- **Work to be completed**
A complete answer includes every line below with the word "dakbedekking".

- **Data for this task**
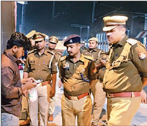
बादशाह नगर रेलवे स्टेशन पर यात्री से पूछताछ करते पुलिस अधिकारी।

■ रेलवे पुलिस और जीआरपी भी अलर्ट हो गई थी। चारबाग, बादशाहनगर, गोमतीनगर, ऐशबाग, सिटी रेलवे स्टेशन पर सुरक्षा में जवान मुस्तैद थे। बिना सामान के प्लेटफार्म पर प्रवेश नहीं दिया जा रहा था। वहीं, सुरक्षाकर्मी ट्रेनों के अंदर भी चेकिंग कर रहे थे। एसीपी जीआरपी की तरफ से निर्देश दिए गए हैं कि संदिग्ध लगने पर न सिर्फ उससे पूछताछ करने के लिए कहा गया, बल्कि उसके दस्तावेज लेकर हस्ताक्षर कराने के लिए कहा है।
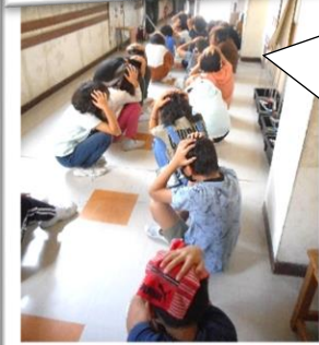
4年生 理科室 廊下で整列中も、頭をしっかりと守ります。
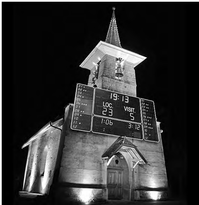
Il faut prier afin d'obtenir un esprit sain dans un corps sain. Juvénal.

J'aime bien l'image du cadeau et de l'emballage. Le cadeau est ce qui est important. L'emballage est une manière de le préparer, en vue de l'offrir. Le cadeau, c'est l'évangile, la bonne nouvelle. Cette bonne nouvelle, c'est l'amour de Dieu, la liberté, la mort vaincue, le pardon, la joie, la guérison... autant de choses merveilleuses données à travers un homme, Jésus-Christ. Comment allons-nous emballer cette bonne nouvelle? C'est tout le défi du culte. Il doit pouvoir communiquer ce cadeau. Le culte «traditionnel» est un emballage que de moins en moins de personnes apprécient. C'est une question d'éducation et de culture.
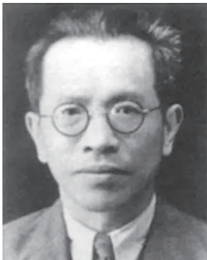
新中国数学会首任会长 姜立夫
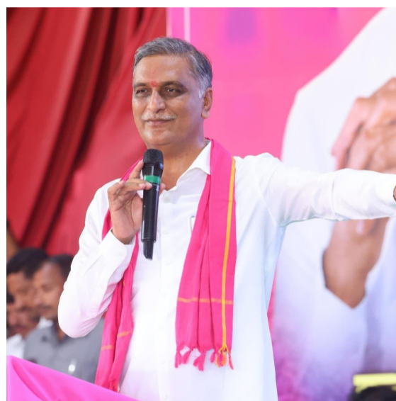
హైదరాబాద్, జూన్ 24 :

కర్ణాటక అక్రమ ప్రాజెక్టులతో పాలమూరు ఎడారి అర్జివన్, తుమ్మిళ్ల, భీమా ప్రాజెక్టుల ప్రయోజనాలు కాపాడాలి నీటి వాటాల కోసమే తెలంగాణ పోరాడి గెలిచింది కర్ణాటక దురాగతాలను అడ్డుకోకుంట్ మళ్లీ పోరాటం తప్పదు సిఎం రేవంత్ కు హానీ రావు బహిరంగ లేఖ
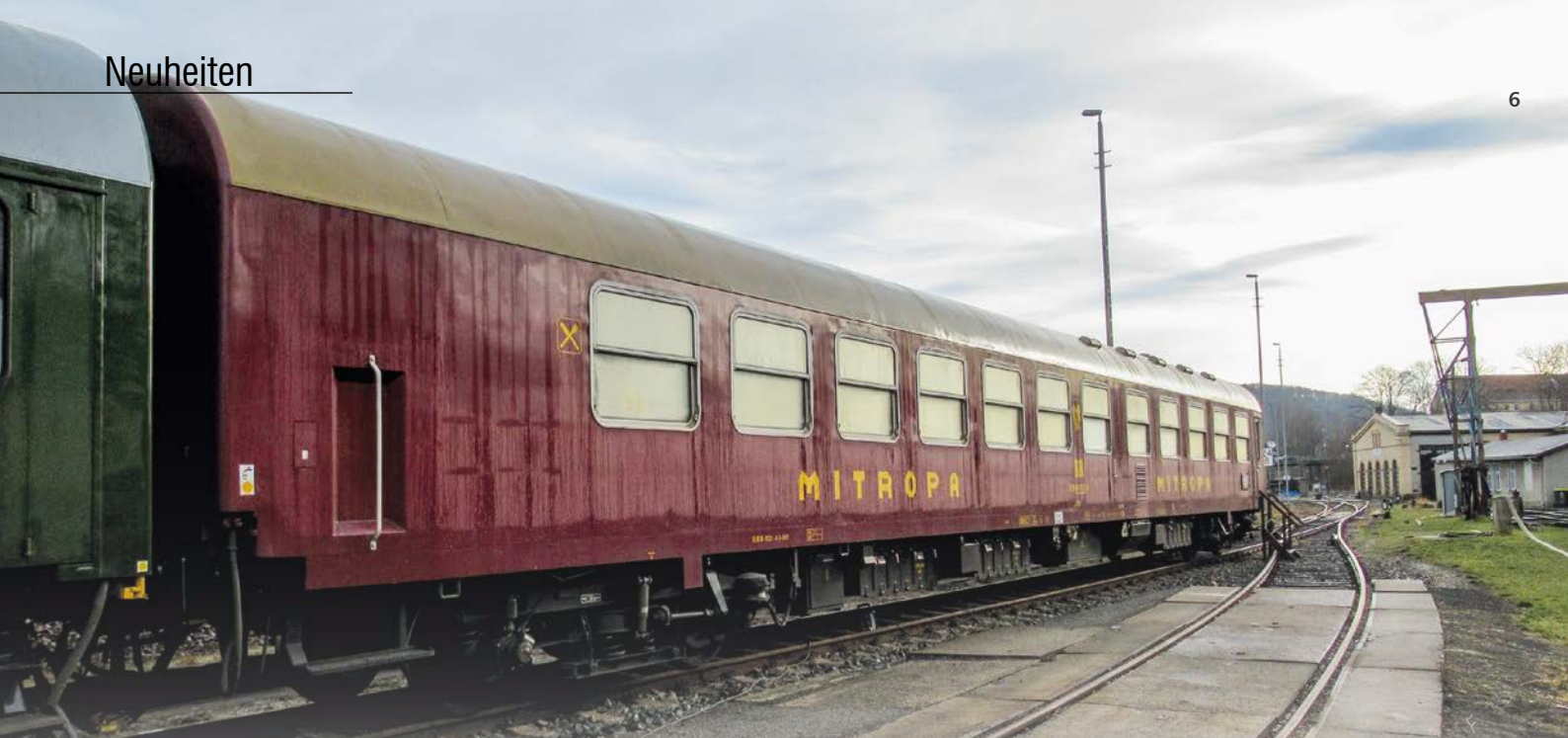
Abb. 6: Speisewagen der OSEF.
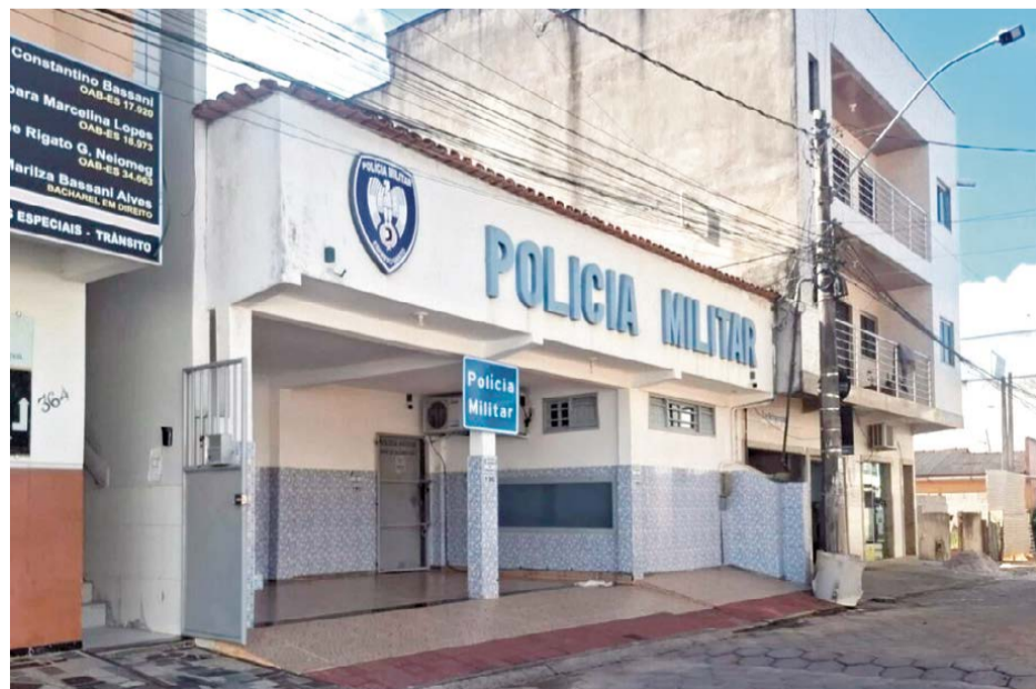
SEDE DO ATUAL Destacamento da Polícia Militar (DPM) de Sooretama
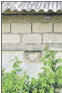
Gebouwen rotten weg.
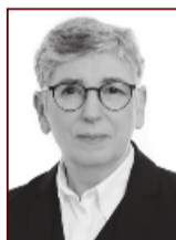
Ólöf 898 3075
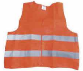
CHALECO DE SEG NARANJA 2 CINT REFLECTIVAS 140280
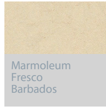
Marmoleum Fresco Barbados
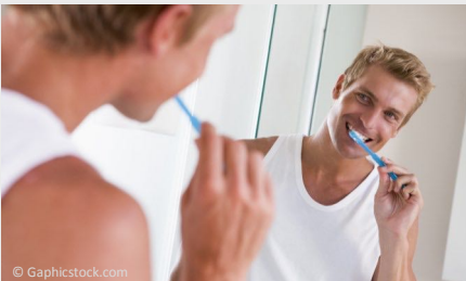
Trotz Zahnpflege bleiben Beläge

Auch wer seine Zähne regelmäßig und sorgfältig putzt, erreicht nicht alle Zahnoberflächen. Das sind vor allem die Stellen unter dem Zahnfleisch, in manchen Zahnzwischenräumen und die sehr feinen Grübchen auf den Kauflächen.
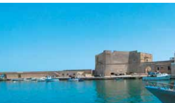
Monopoli - Castello/The Castle

STREET BAND SHOW è un originale festival on the road di grande impatto sonoro e
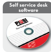
Self service desk software
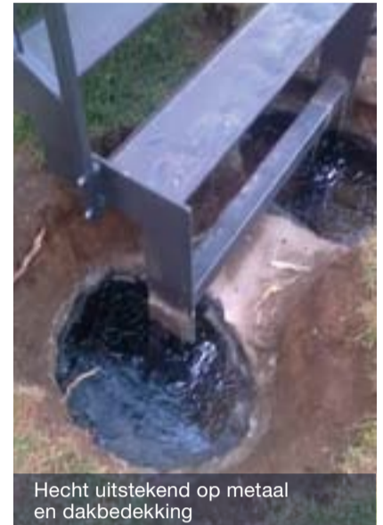
Hecht uitstekend op metaal en dakbedekking

Dit maakt het product een prima probleemoplosser. Lastige dakdetails die met dakbedekking niet zijn te maken, kunnen eenvoudig met dit product voor lange tijd waterdicht worden gemaakt.
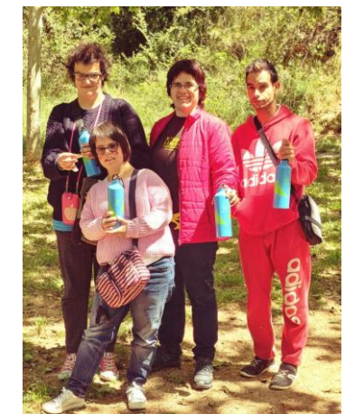
Els voluntaris de Prolaboral Xalest
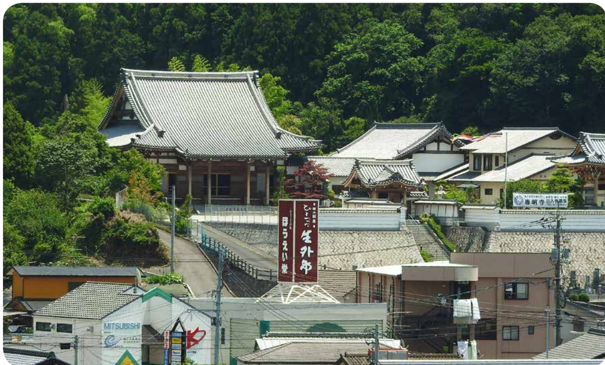
サンリブの屋上から見える専明寺の風景
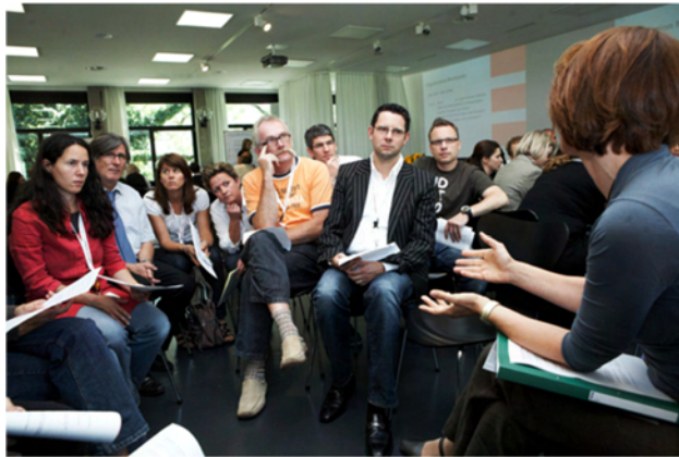
BZ4: Rahmenbedingungen der Berufsbildung
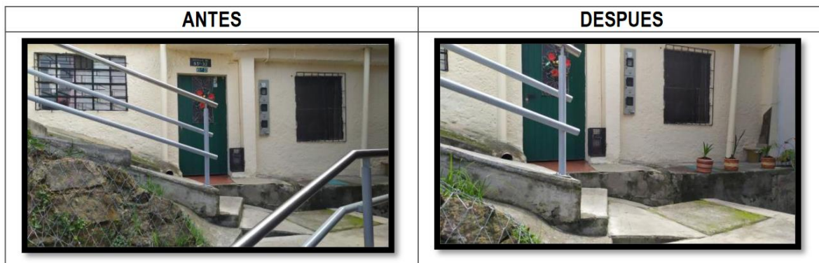
Fotografía 2. Participación Ciudadana Obra de Sostenibilidad Chapinero 2021
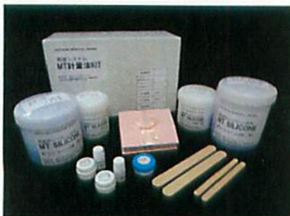
再建システムキット
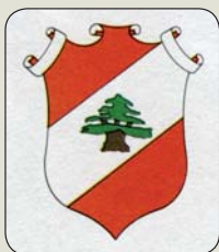
Znak Libanonu - céder

Niektoré druhy rastlín, najmä stromov, stali sa vo viacerých krajinách symbolom ich osobitosti, života a národnej hrdosti, nezriedka znázornených aj v ich štátnych znakoch a na zástavách. Takto zobrazil napríklad Libanon mohutný pyramidálny céder libanónsky ( Cedrus libani ), ktorý fažili za účelom zhotovovania lodí, nábytku, brán palácov a honosných truhliel už staroveké Egypťania, o čom sa dozvedáme z najstaršej písomnej zmienky o dovoze „dreva aš“ na 40 lodiach z foinického Byblosu počas vládnutia faraóna Snofrua (2613 –
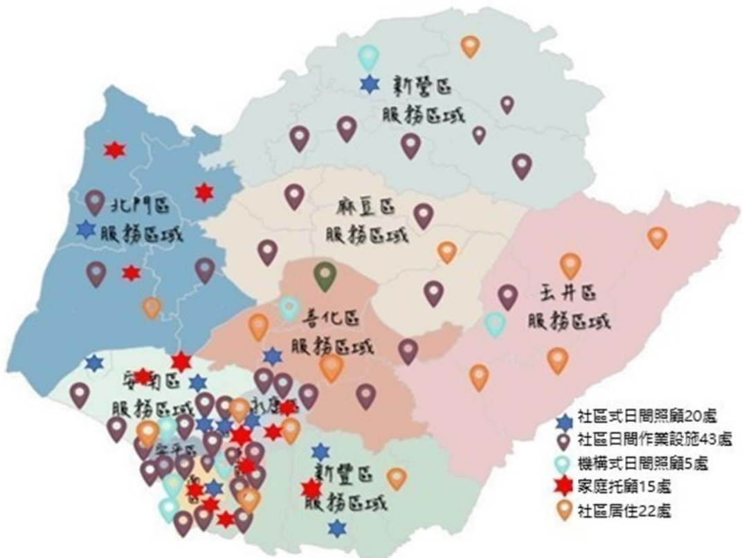
圖 二、115年身心障礙社區式照顧服務資源布建規劃分布圖
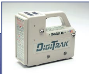
Приемник Mark III (наверху) и кабельная система (слева) сверху вниз: выносной дисплей для работы с кабельной системой и источник питания, стандартный и высокочувствительный к углу наклона кабельный излучатель, инструмент DCI для установки/извлечения.
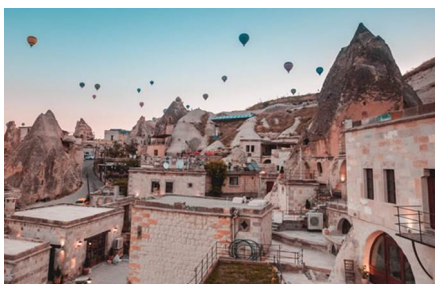
Nevşehir/Provincia di Nevşehir
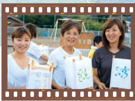
film05 殿岡灯籠流し 平成24年に50年ぶりに復活した「灯籠流し」。8月15日の夕方、各自がこの日のために思いを込めて作った灯籠を持って、石川沿いに集まります。流す前の灯籠を持ちながら、カメラに向かって「にっこりスマイル」を、いただきました!
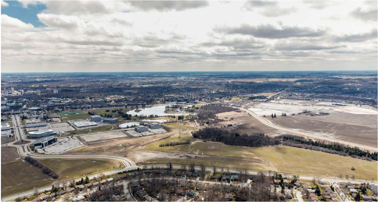
Das Gelände der University of Waterloo in Kanada, auf dem das Experiment durchgeführt wurde.
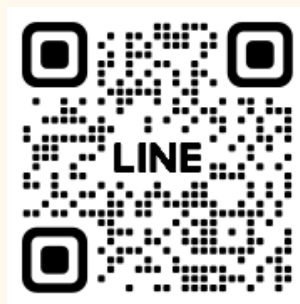
白馬村公式LINE 友だち登録

二次元コードを読み取り、「追加」ボタンをタップし、白馬村公式アカウントを友達登録してください。
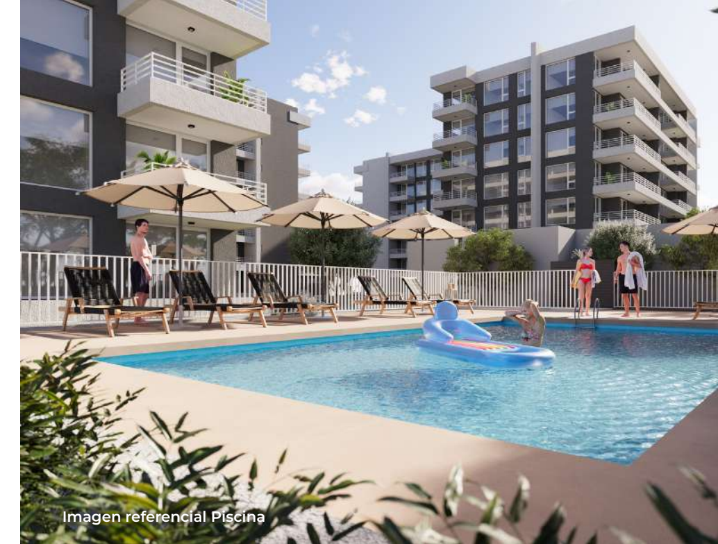
Imagen referencial Piscina
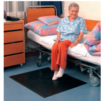
Kontakt-Trittmatte mit druckempfindlichen Sensoren

- **Solved exercise**
Hecht uitstekend op metaal en dakbedekking
Dit maakt het product een prima probleemoplosser. Lastige dakdetails die met dakbedekking niet zijn te maken, kunnen eenvoudig met dit product voor lange tijd waterdicht worden gemaakt.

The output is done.